Ich war immer stolz darauf, sehr geerdet aufgewachsen zu sein, umgeben von Natur. Ich war stolz auf meine Anpassungsfähigkeit, denn auch die Natur passt sich an geänderte Umweltbedingungen an. Und auch wenn man nicht hört, dass ich ein Ostkind bin, so erkenne ich und erkennen mich meinesgleichen sofort.

Ich war stolz darauf, so unglaublich viel Wissen in den ersten Jahren nach dem Mauerfall in mich aufgesogen zu haben. Mehr als in den 12 Schuljahren vorher. Ich war stolz auf mein Ost-Abi, auch wenn es einen Krampf bedeutete, dass dieses in den alten Bundesländern gleichwertig anerkannt wurde. Meine Schulbildung war sehr breit ausgelegt und unabhängig von Fachschaften oder wirtschaftlichen Interessen einzelner Bundesländer oder den persönlichen Interessen von Lehrkräften. Ich hatte 7 Jahre Unterricht in sämtlichen Naturwissenschaften auch Astronomie gehörte dazu, zusätzlich noch 2 Sprachen.

Es hat mich stolz gemacht, zu erkennen, dass Materielles nicht das Wichtigste ist, weil Improvisationstalent erst durch Mangel entstehen kann.
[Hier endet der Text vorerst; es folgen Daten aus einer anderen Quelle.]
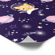 Poster with an adorable pattern featuring kitty cat astronauts floating in space. Fun and whimsical.
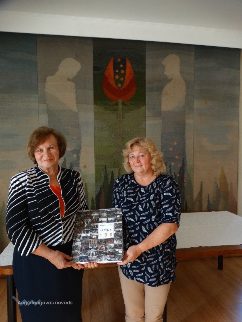 Kalupiešiem dāvanā pasniegta grāmata “Latvijai 100”
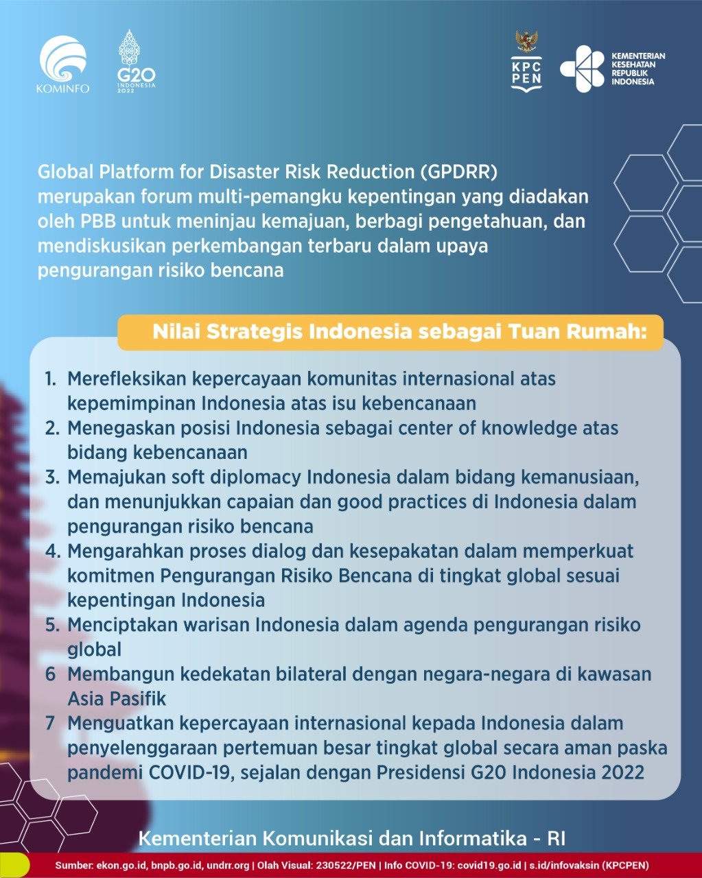 Pingintau.id, Indonesia dipercaya menjadi tuan rumah penyelenggaraan Global Platform for Disaster Risk Reduction (GPDRR) 2022 di Bali untuk berkontribusi dalam menciptakan dunia yang lebih baik melalui pengarusutamaan Pengurangan Risiko Bencana, dari topik tata kelola dan pembiayaan risiko bencana serta pemulihan COVID-19.
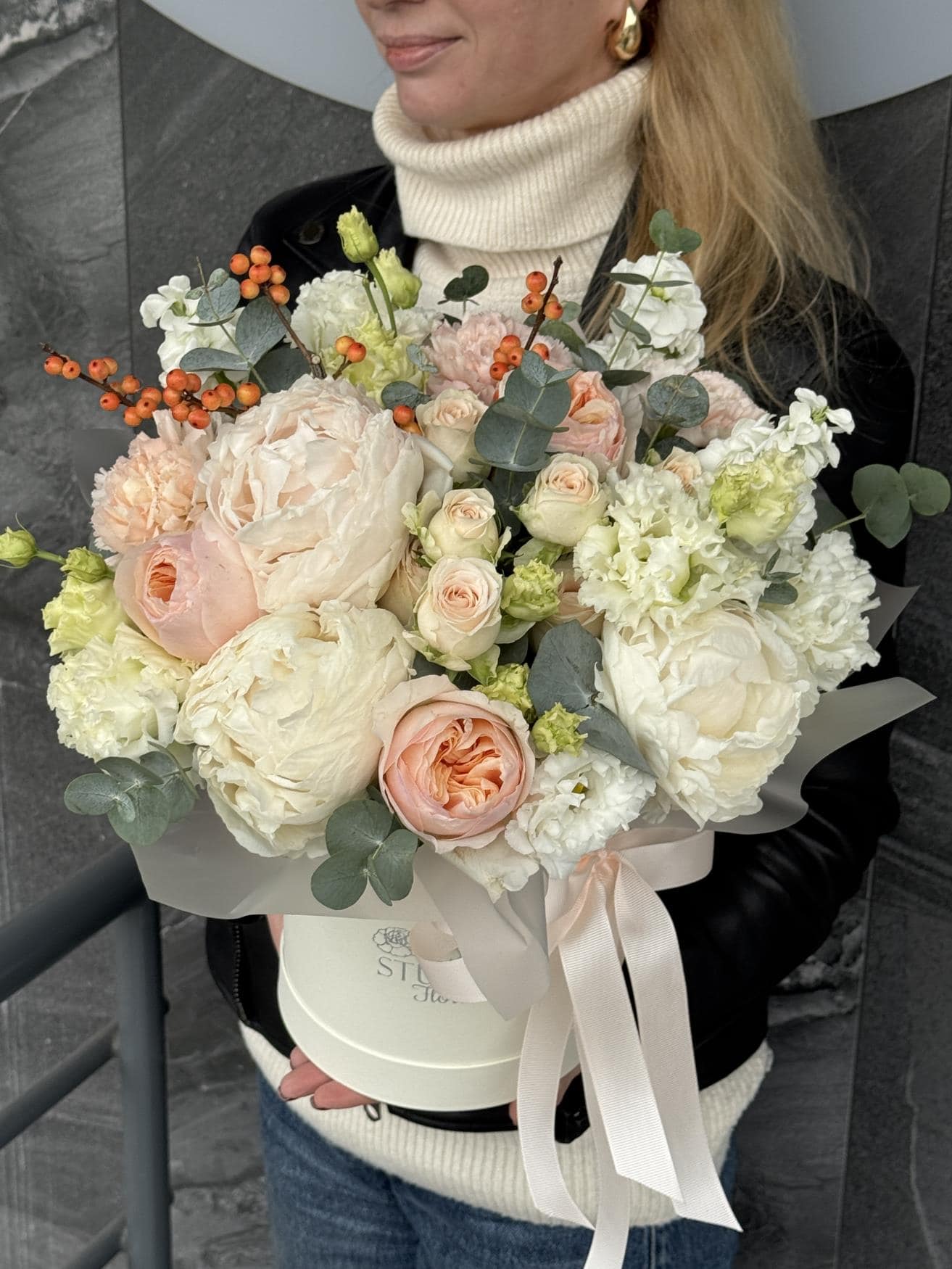3 півонії, 3 піоноподібні троянди Девіда Остіна, гілочка кущової троянди, 2 еустоми, 3 матіоли, гілочка ілексу, 3 гвоздики та евкаліпт.
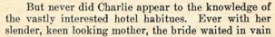 „But never did Charlie appear to the knowledge of the vastly interested hotel habitues. Ever with her slender, keen
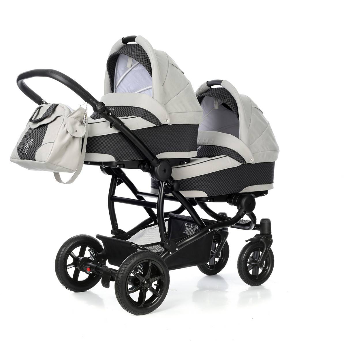 - Цены на коляски для двойни 2 в 1 разные, можно взять качественную модель, например, польской коляски в районе 37 000 рублей в полном комплекте для двойняшек. Верхний предел не существует, потому что вы можете всегда сделать индивидуальный пошив модели и уже тогда определить окончательную стоимость.
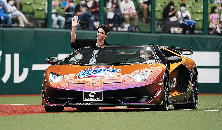 5月13~15日の 対 東北楽天ゴールデンイーグルス3連戦の2日め、5月14日に玉木宏がランボルギーニに乗ってマウンドに登場!

Ich war stolz darauf, in Lösungen zu Denken und nicht in Problemen.

Und ich war immer der Meinung, dass ein Ossi besonders sensibel gegenüber Machtstrukturen ist. Weil er weiß, was Überwachung oder Bevormundung, Machtlosigkeit und der Kampf dagegen bedeuten.

Ja, ich war stolz, ein Ossi zu sein. Zumindest eine gewisse Zeit lang.

 

Wie das so läuft, wenn man älter wird – mit einem Mal steht ein Klassentreffen an.

Aus irgendeinem Grund konnte ich meine Teilnahme einfach nicht sofort zusagen. Natürlich bin ich neugierig, was alle zu erzählen haben. „A… hat ein großes Herz, für Liebe, Freude, Leid und Schmerz:“ – hatten meine Klassenkameraden damals vor 30 Jahren zum Abschied über mich gedichtet. Und viel hat sich daran bis heute nicht geändert.

Trotzdem hinderte mich irgendetwas, den Termin zuzusagen. Ich redete mir ein, dass es am langen Vorlauf läge. Ich bin nicht der Typ, der 9 Monate im voraus plant – nein, das hab ich nichtmal schwanger getan. Ich weiß heute nicht, was in 9 Monaten sein wird, niemand weiß das. Was mich gehindert hat, war vielmehr eher eine Ahnung um die „andere politische Einstellung“ der meisten Daheimgebliebenen. So ganz wahrhaben wollte ich das nicht. Kann doch nicht so schlimm sein – dachte ich. Und wurde gestern Abend in der Whattsupp-Klassengruppe eines Besseren belehrt.

Ein wirklich extrem rassisstischer „Witz“, vorgetragen per Video von einem meiner alten Bekannten. Ich hab wirklich überlegt, ob ich ihn kurz besuchen fahre, um ihn genauso zu verprügeln, wie in der dritten Klasse. Was ich aber noch viel schlimmer fand: dieses Video stand da gute 7 Stunden in der Gruppe und NIEMAND der anderen hat auch nur irgendetwas dagegen gesagt oder geschrieben. Ich denke, da sind nicht nur Mauern in den Köpfen, das sind ganze Burgen. Festgefahrene, engstirnige Denke auf unterstem Niveau.

Das Klassentreffen ist für mich gestorben. Soviel braune Soße, da kann von mir aus die Mauer doppelt so hoch wieder aufgebaut werden. Ja, ich hör mich enttäuscht an, weil ich es bin und stinksauer noch dazu.

Wie kann es sein, dass Menschen, mit denen man 10 Jahre ein totalitäres System ausgehalten hat, die ebenso wie ich davon träumten, die ganze Welt zu bereisen ohne jemals wirklich daran zu glauben, dass dieser Traum in Erfüllung geht, dass genau diese Menschen so fürchterlich intolerant und fremdenfeindlich sind?

Meine angewiderte Meinung habe ich zum Ausdruck gebracht. Und ich hoffe, damit eine Diskussion angestoßen zu haben. Nachverfolgen kann ich das nicht. Ich habe die Klassengruppe verlassen.

Ich bin stolz, Ich zu sein.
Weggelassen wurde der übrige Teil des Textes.